= Given data =
----------

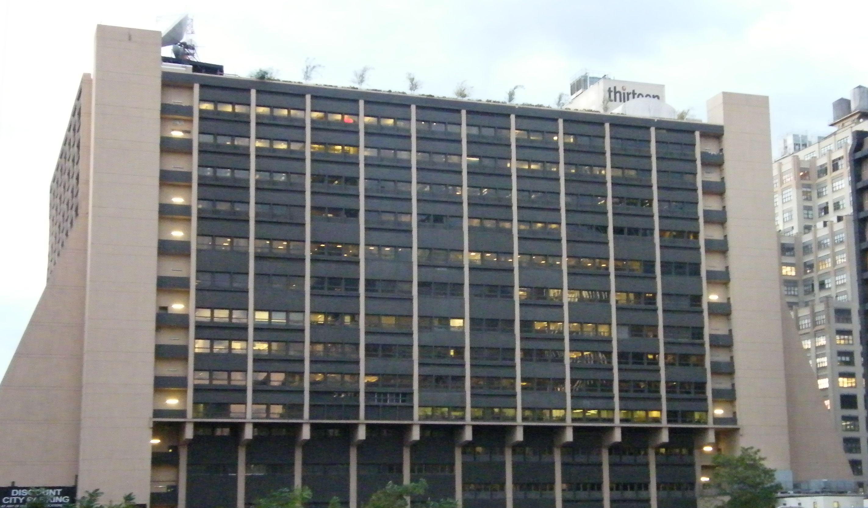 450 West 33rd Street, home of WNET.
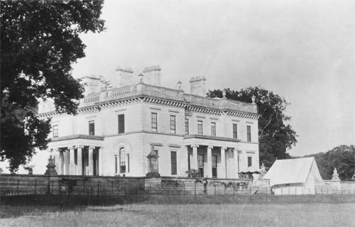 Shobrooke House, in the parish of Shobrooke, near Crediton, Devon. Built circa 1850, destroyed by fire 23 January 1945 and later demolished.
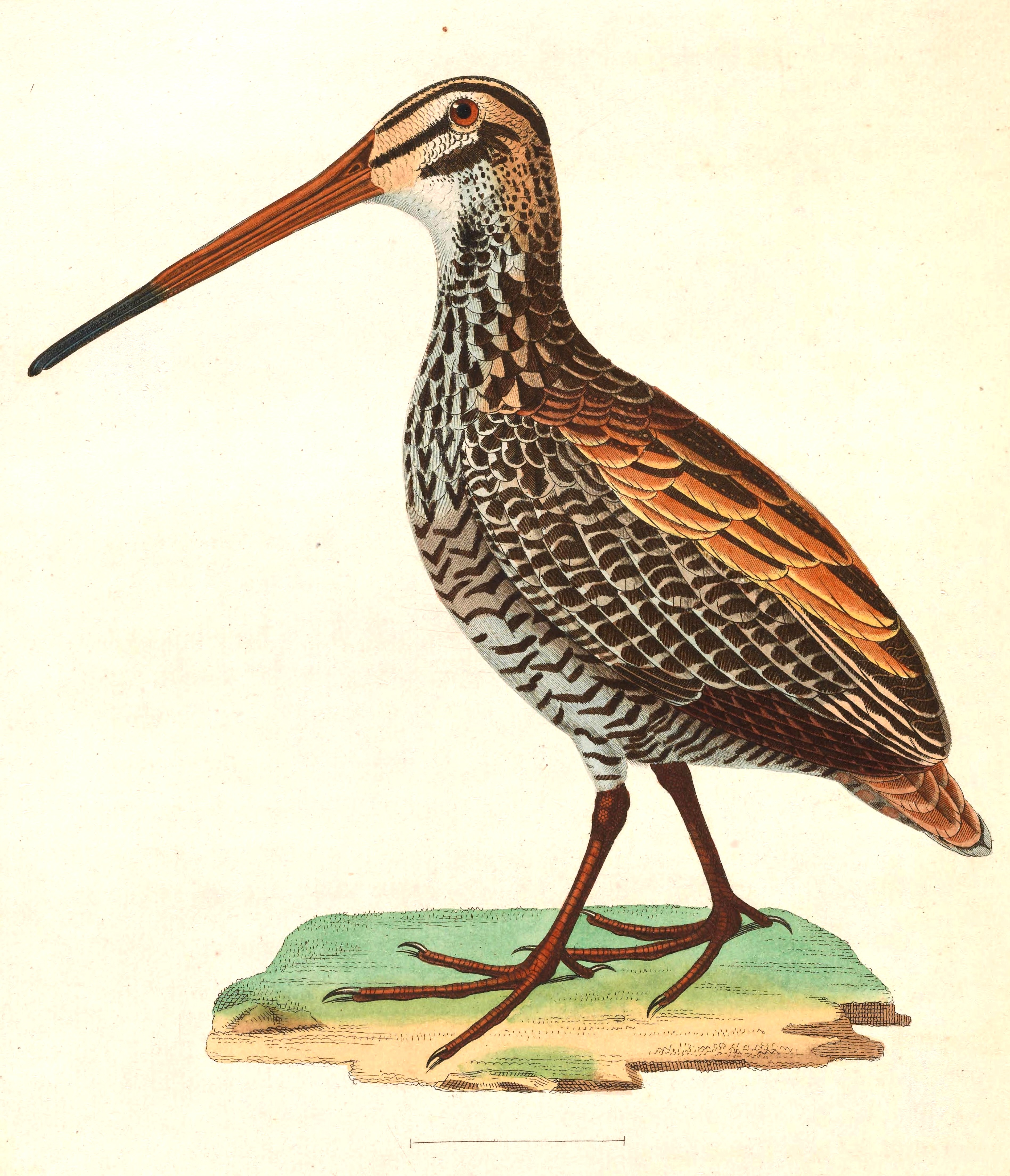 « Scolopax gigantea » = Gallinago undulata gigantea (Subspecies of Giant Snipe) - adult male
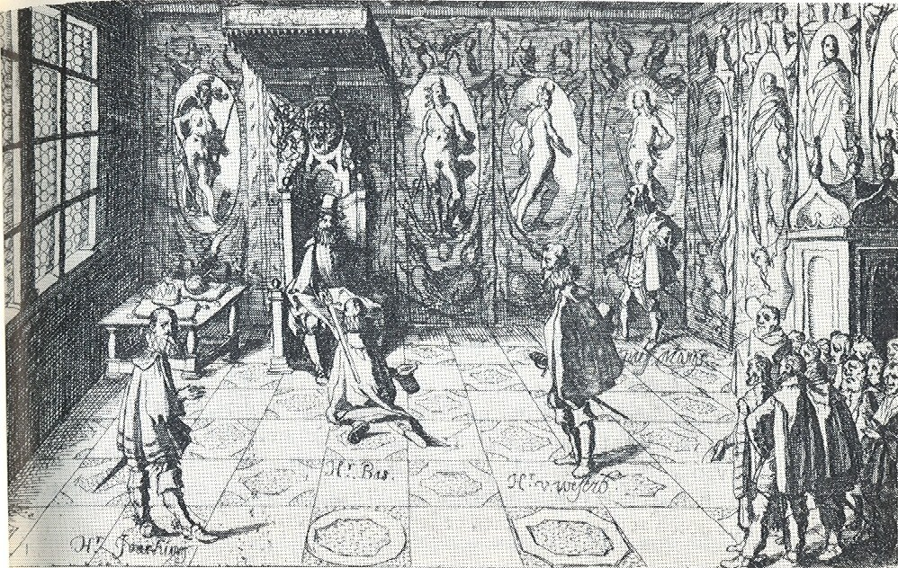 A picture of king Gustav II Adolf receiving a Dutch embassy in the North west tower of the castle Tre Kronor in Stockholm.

----------

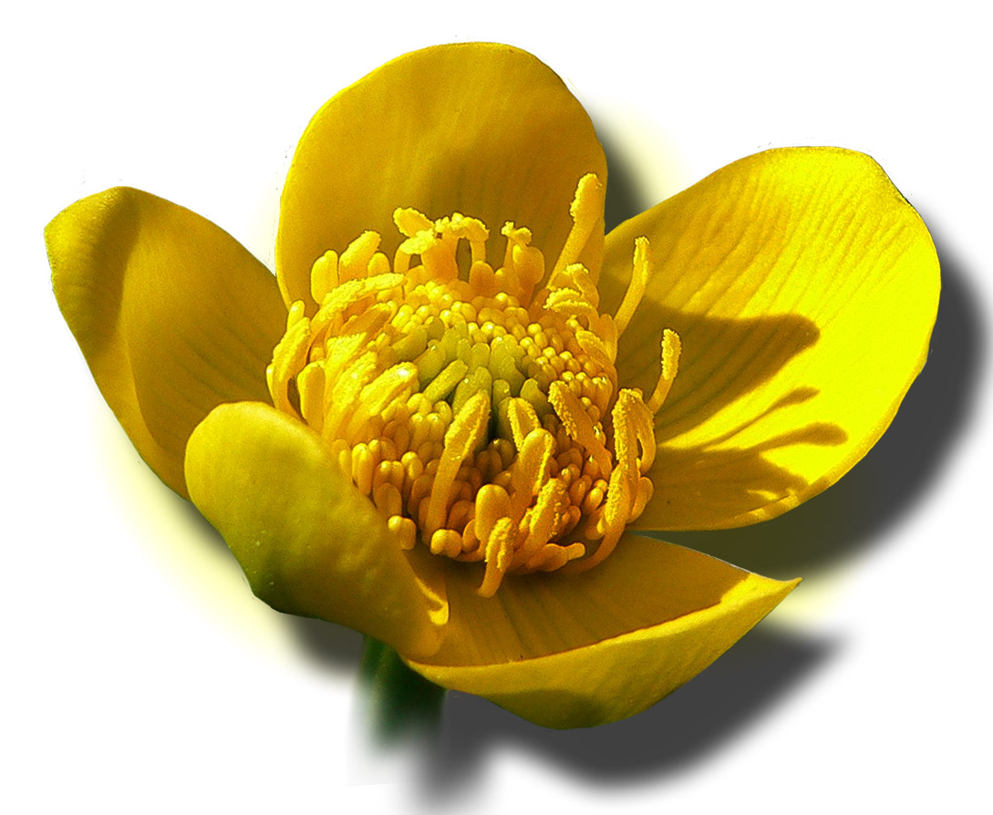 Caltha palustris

----------

= Instructions for the task =
What is wanted is an exact copy of the lines above from the one containing "- adult male" through the one containing "A picture of", with no pictures in it.

= Result of the task =
 « Scolopax gigantea » = Gallinago undulata gigantea (Subspecies of Giant Snipe) - adult male
 A picture of king Gustav II Adolf receiving a Dutch embassy in the North west tower of the castle Tre Kronor in Stockholm.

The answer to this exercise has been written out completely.